We can now update our Agent’s main function so that it passes the config as an argument to the NewAgent factory function, whereafter we can call Send() on our Agent instance.

func main() {
	// Command line flag for config file path
	configPath := flag.String("config", pathToYAML, "path to configuration file")
	flag.Parse()

	// Load configuration
	cfg, err := config.LoadConfig(*configPath)
	if err != nil {
		log.Fatalf("Failed to load config: %v", err)
	}

	comm, err := models.NewAgent(cfg)
		if err != nil {
			log.Fatalf("Failed to create communicator: %v", err)
		}
	
		// TEMPORARY CODE JUST TO TEST!
		// Send a test message
	
		log.Printf("Sending request to %s server...", cfg.Protocol)
		response, err := comm.Send(context.Background())
		if err != nil {
			log.Fatalf("Failed to send message: %v", err)
		}
	
		// Parse and display response
		var httpsResp https.HTTPSResponse
		if err := json.Unmarshal(response, &httpsResp); err != nil {
			log.Fatalf("Failed to parse response: %v", err)
		}
	
		log.Printf("Received response: change=%v", httpsResp.Change)

}

Note the temporary code as indicated by the comment. In the next lesson we’ll create our Agent loop - that is the logic so it repetitively calls Send() in a loop. For now we’ll just call Send() once, and since that function just returns the response body without printing it, we’ll unmarshall and print it here.

test

Let’s run our server:

❯ go run cmd/server/main.go
2025/08/11 12:02:40 Starting https server on 127.0.0.1:8443

Then let’s run our agent:

❯ go run ./cmd/agent/
2025/08/11 12:03:05 Sending request to https server...
2025/08/11 12:03:05 Received response: change=false

We can see it received the correct false value for the change field.

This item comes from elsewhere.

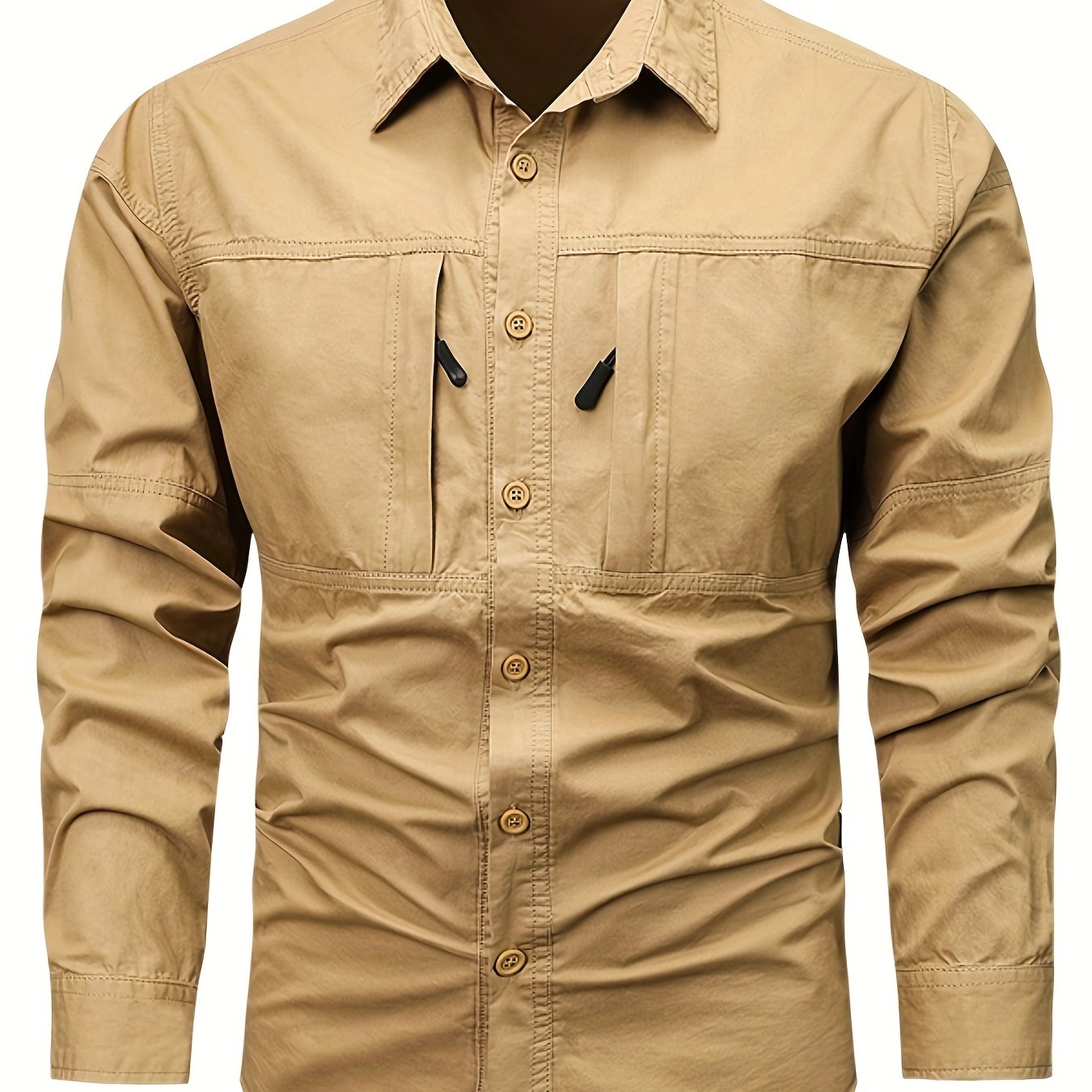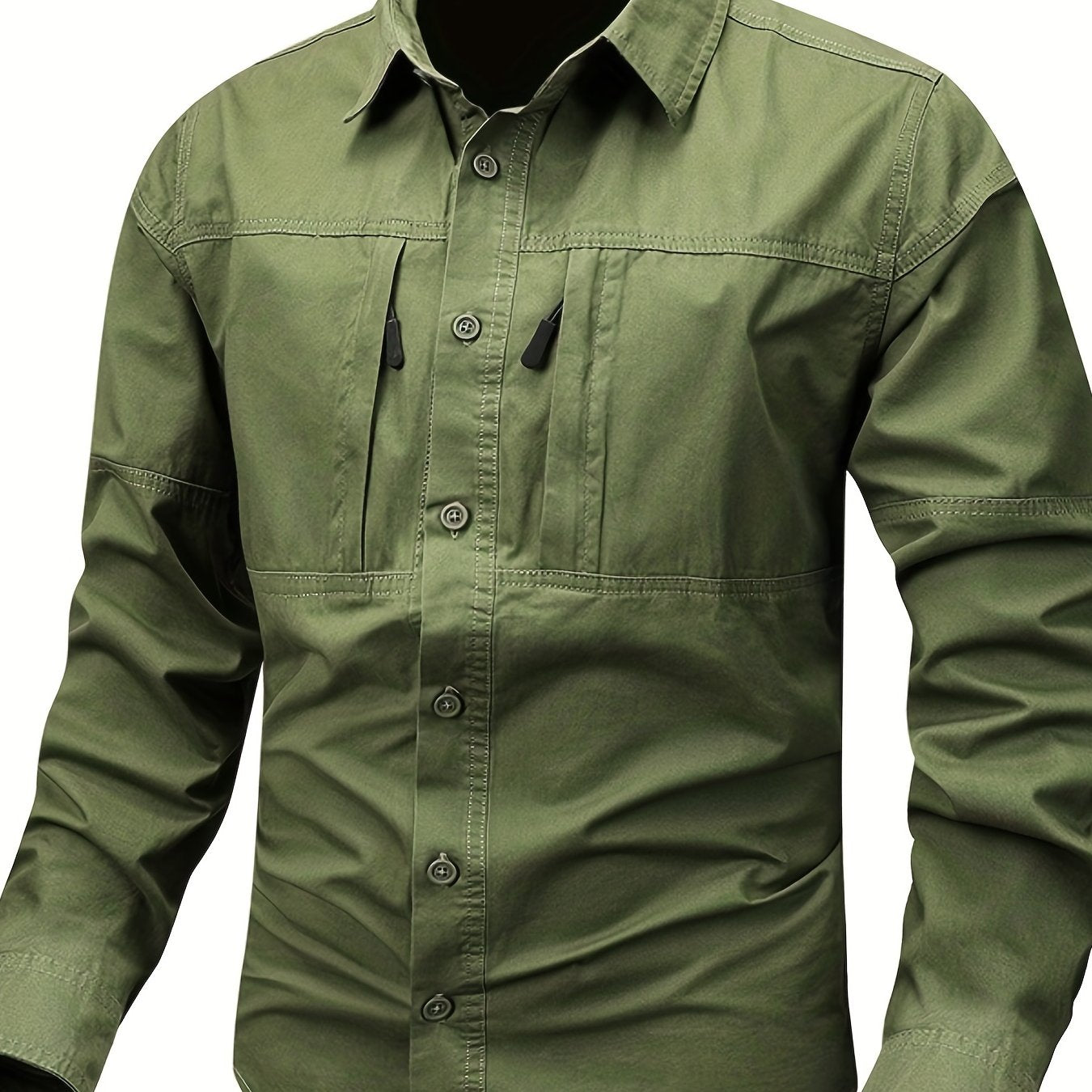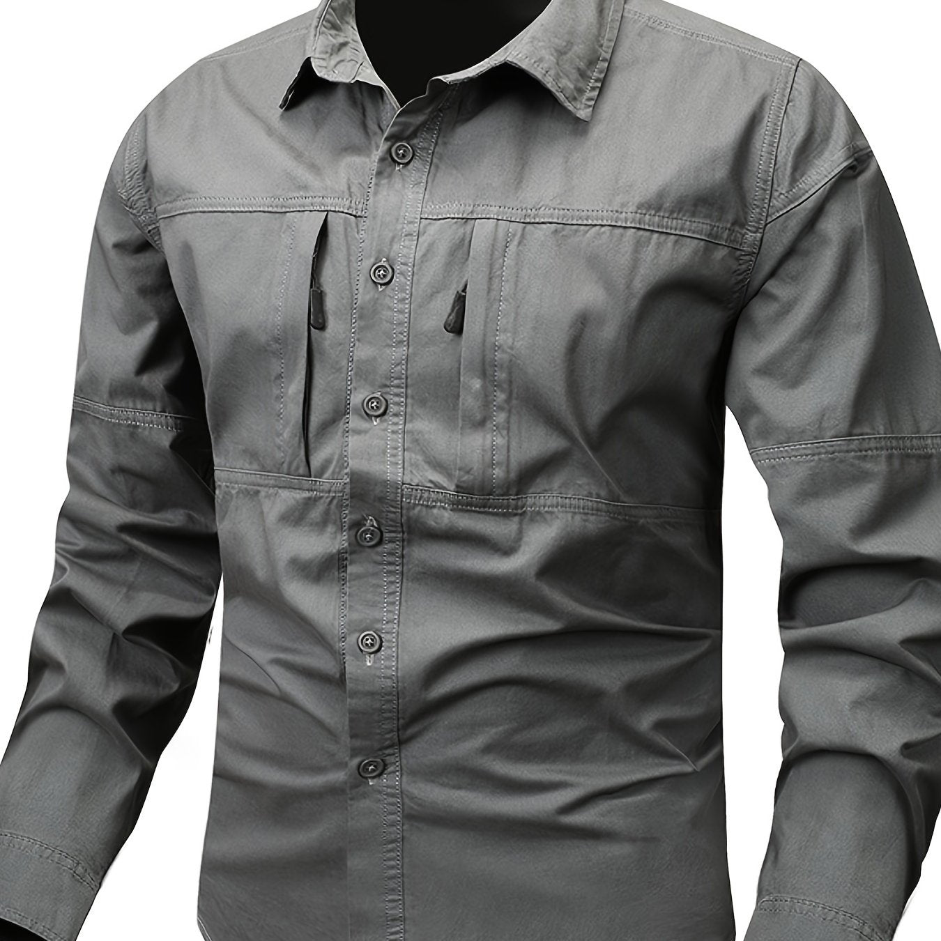 Мужская хлопковая рубашка в стиле кари с застежкой-молнией и лацканом для весны и осени

And looking back at the server output we’ll once again see confirmation that it was hit.

❯ go run cmd/server/main.go
2025/08/11 12:02:40 Starting https server on 127.0.0.1:8443
2025/08/11 12:03:05 Endpoint / has been hit by agent

Conclusion

We can now add a loop to our HTTPS logic so that the agent will periodically connect to the server, which of course serves as our “heartbeat”.